WHAT TO PRODUCE
In the entries that follow, the lines from the line containing "Featuring an ivory" up to and including the line containing "抜いたのは右上2本、右下2本" must be copied exactly, with pictures omitted.
*** DATA FOR ANALYSIS Section Begins ***
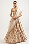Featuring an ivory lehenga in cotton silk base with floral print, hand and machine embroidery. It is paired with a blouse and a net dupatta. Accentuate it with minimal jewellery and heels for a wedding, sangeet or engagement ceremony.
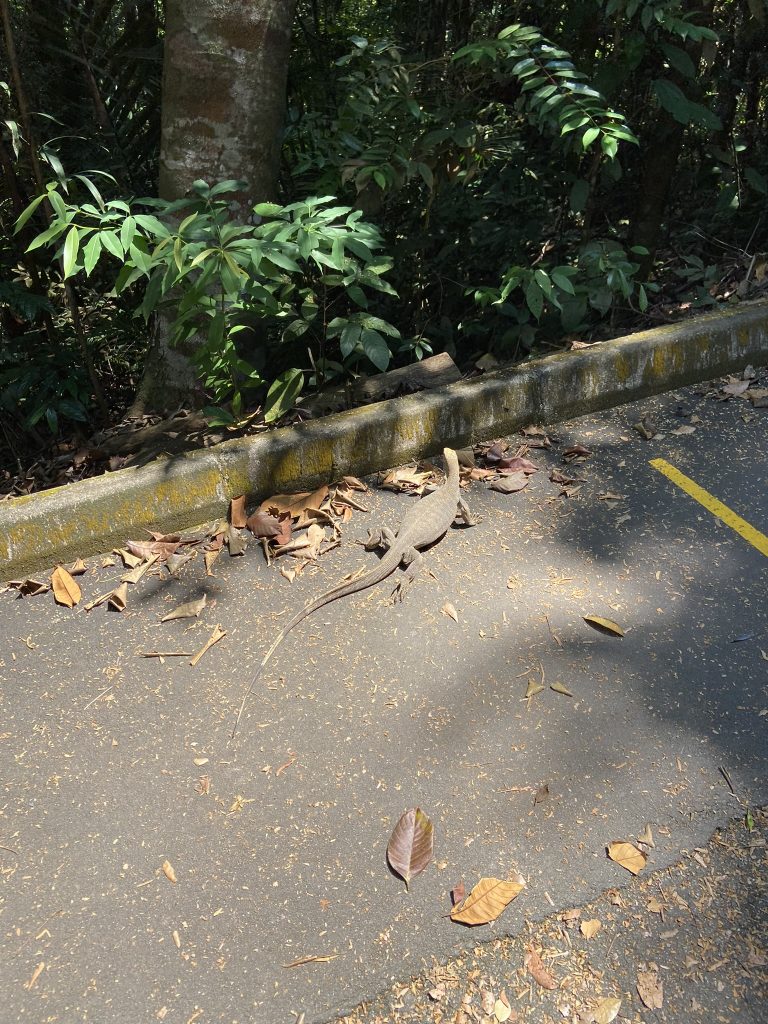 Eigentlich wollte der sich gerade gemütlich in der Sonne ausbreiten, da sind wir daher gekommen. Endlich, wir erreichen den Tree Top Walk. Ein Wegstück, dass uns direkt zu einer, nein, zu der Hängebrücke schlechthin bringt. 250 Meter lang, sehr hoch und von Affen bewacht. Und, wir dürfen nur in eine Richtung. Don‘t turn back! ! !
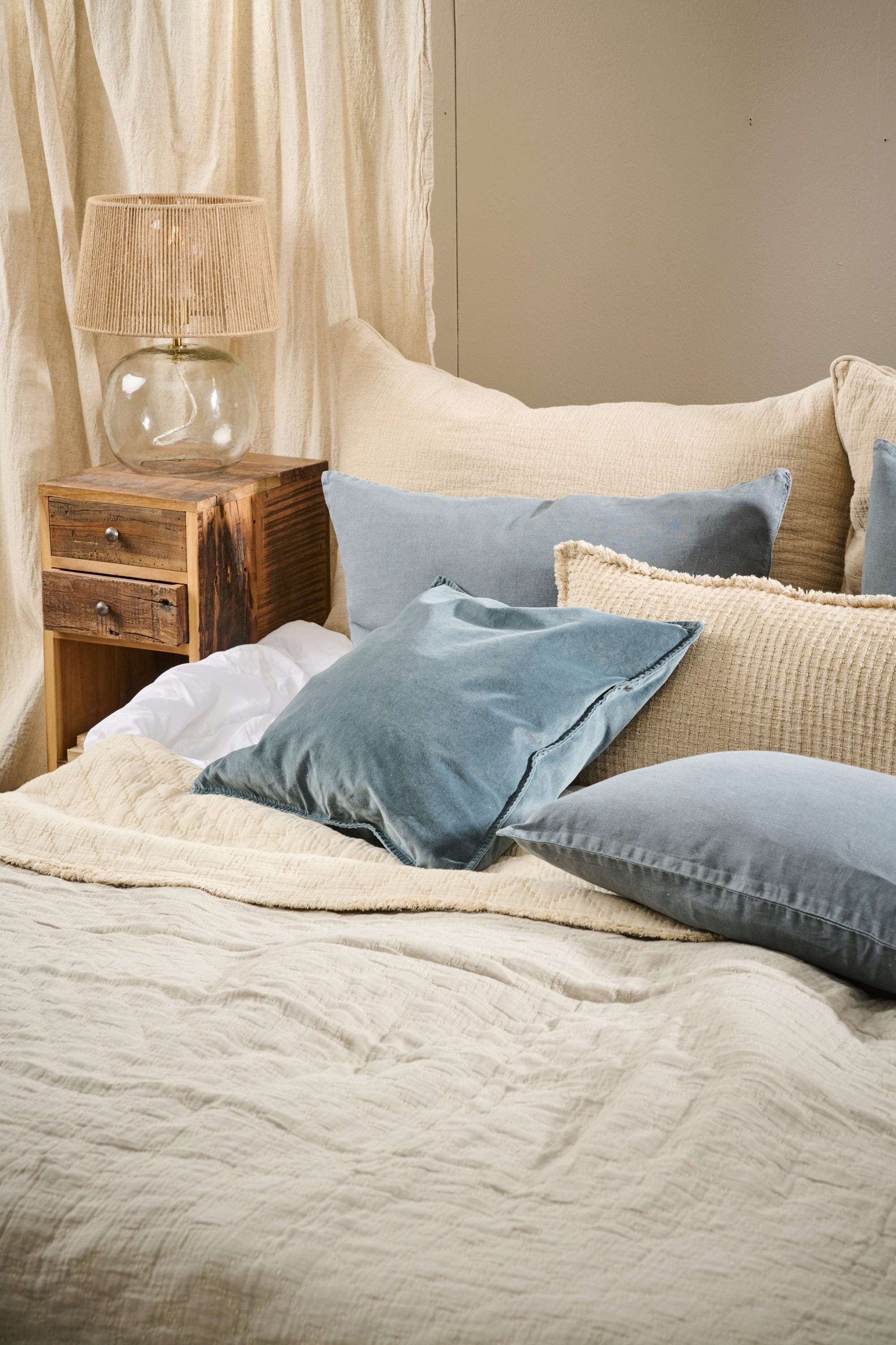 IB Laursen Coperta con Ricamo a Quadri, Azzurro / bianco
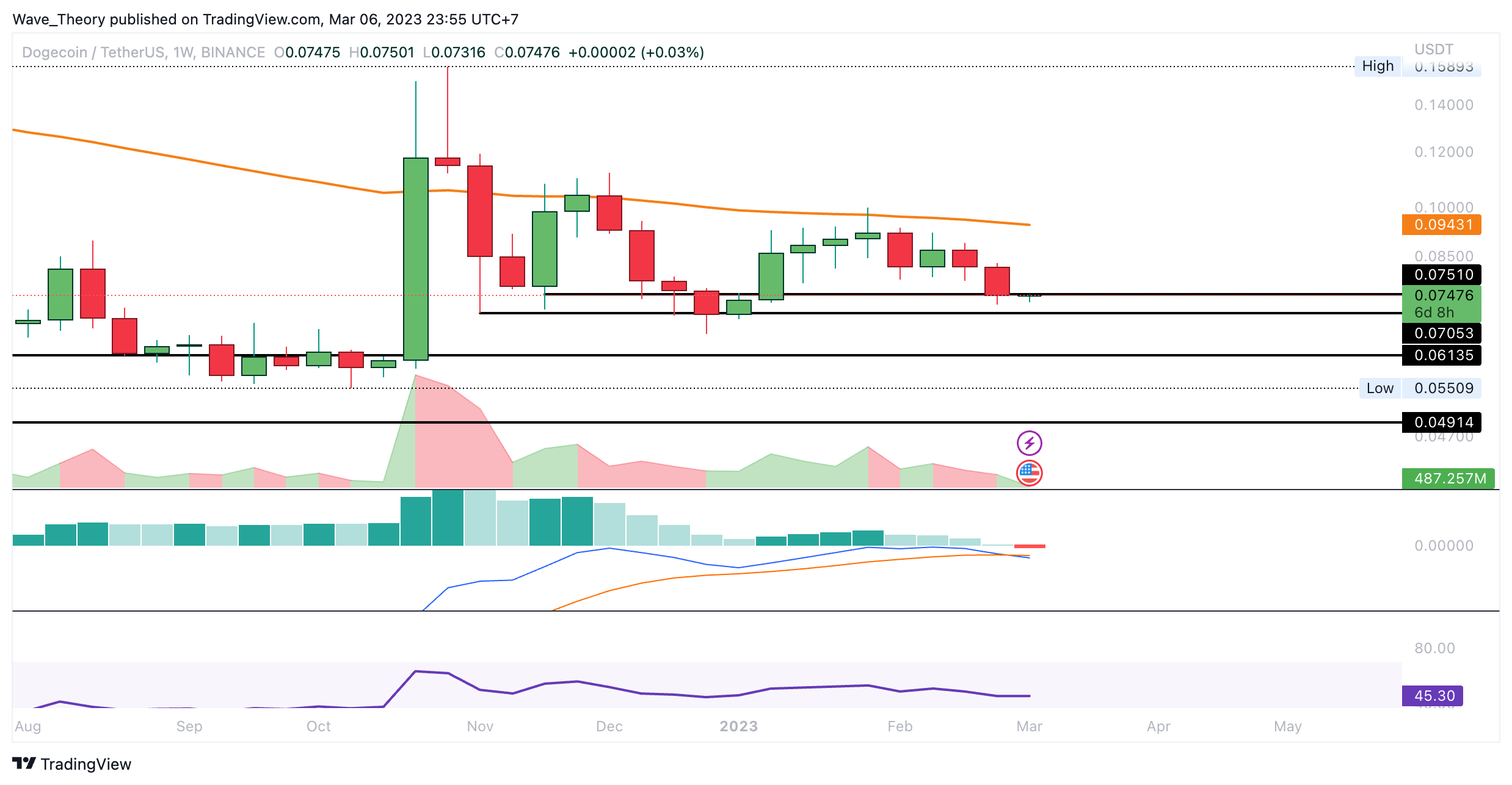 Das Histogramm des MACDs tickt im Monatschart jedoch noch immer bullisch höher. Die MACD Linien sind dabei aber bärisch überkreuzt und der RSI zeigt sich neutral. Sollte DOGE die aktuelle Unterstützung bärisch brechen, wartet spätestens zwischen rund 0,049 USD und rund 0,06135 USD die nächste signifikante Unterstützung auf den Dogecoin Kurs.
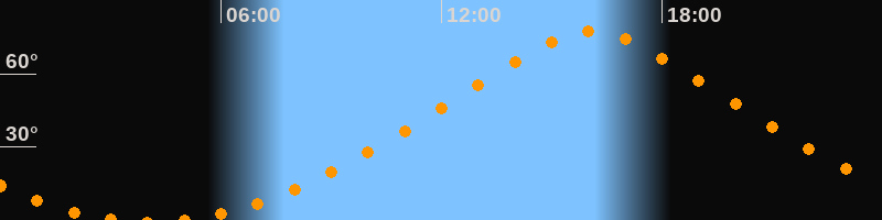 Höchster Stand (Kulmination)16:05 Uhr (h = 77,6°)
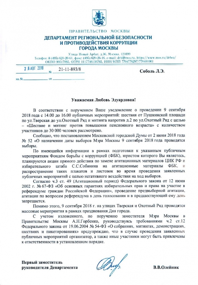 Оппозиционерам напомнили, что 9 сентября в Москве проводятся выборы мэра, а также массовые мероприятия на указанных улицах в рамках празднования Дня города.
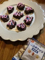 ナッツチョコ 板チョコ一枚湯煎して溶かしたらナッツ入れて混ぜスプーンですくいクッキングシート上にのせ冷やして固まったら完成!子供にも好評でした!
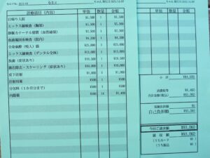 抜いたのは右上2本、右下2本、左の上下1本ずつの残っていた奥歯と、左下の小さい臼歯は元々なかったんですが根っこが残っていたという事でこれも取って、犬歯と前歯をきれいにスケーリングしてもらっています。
*** DATA FOR ANALYSIS Section Ends ***
*** DATA FOR ANALYSIS Section Begins ***
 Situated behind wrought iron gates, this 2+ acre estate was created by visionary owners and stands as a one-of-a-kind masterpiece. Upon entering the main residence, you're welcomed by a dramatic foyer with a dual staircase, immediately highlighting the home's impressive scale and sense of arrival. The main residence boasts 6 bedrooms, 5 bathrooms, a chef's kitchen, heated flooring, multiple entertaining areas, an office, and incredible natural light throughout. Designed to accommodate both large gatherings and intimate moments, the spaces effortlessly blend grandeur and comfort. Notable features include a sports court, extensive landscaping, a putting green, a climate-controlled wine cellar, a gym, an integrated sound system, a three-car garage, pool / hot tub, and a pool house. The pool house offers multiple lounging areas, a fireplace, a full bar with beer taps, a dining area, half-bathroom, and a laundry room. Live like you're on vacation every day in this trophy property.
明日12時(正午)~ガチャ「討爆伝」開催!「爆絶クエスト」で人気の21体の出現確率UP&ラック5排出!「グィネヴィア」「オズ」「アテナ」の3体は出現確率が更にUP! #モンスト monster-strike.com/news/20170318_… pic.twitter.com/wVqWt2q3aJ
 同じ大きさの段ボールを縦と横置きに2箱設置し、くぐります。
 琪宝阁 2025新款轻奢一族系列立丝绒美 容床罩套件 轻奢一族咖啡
*** DATA FOR ANALYSIS Section Ends ***
YOUR SOLUTION
Featuring an ivory lehenga in cotton silk base with floral print, hand and machine embroidery. It is paired with a blouse and a net dupatta. Accentuate it with minimal jewellery and heels for a wedding, sangeet or engagement ceremony.
 Eigentlich wollte der sich gerade gemütlich in der Sonne ausbreiten, da sind wir daher gekommen. Endlich, wir erreichen den Tree Top Walk. Ein Wegstück, dass uns direkt zu einer, nein, zu der Hängebrücke schlechthin bringt. 250 Meter lang, sehr hoch und von Affen bewacht. Und, wir dürfen nur in eine Richtung. Don‘t turn back! ! !
 IB Laursen Coperta con Ricamo a Quadri, Azzurro / bianco
 Das Histogramm des MACDs tickt im Monatschart jedoch noch immer bullisch höher. Die MACD Linien sind dabei aber bärisch überkreuzt und der RSI zeigt sich neutral. Sollte DOGE die aktuelle Unterstützung bärisch brechen, wartet spätestens zwischen rund 0,049 USD und rund 0,06135 USD die nächste signifikante Unterstützung auf den Dogecoin Kurs.
 Höchster Stand (Kulmination)16:05 Uhr (h = 77,6°)
 Оппозиционерам напомнили, что 9 сентября в Москве проводятся выборы мэра, а также массовые мероприятия на указанных улицах в рамках празднования Дня города.
 ナッツチョコ 板チョコ一枚湯煎して溶かしたらナッツ入れて混ぜスプーンですくいクッキングシート上にのせ冷やして固まったら完成!子供にも好評でした!
 抜いたのは右上2本、右下2本、左の上下1本ずつの残っていた奥歯と、左下の小さい臼歯は元々なかったんですが根っこが残っていたという事でこれも取って、犬歯と前歯をきれいにスケーリングしてもらっています。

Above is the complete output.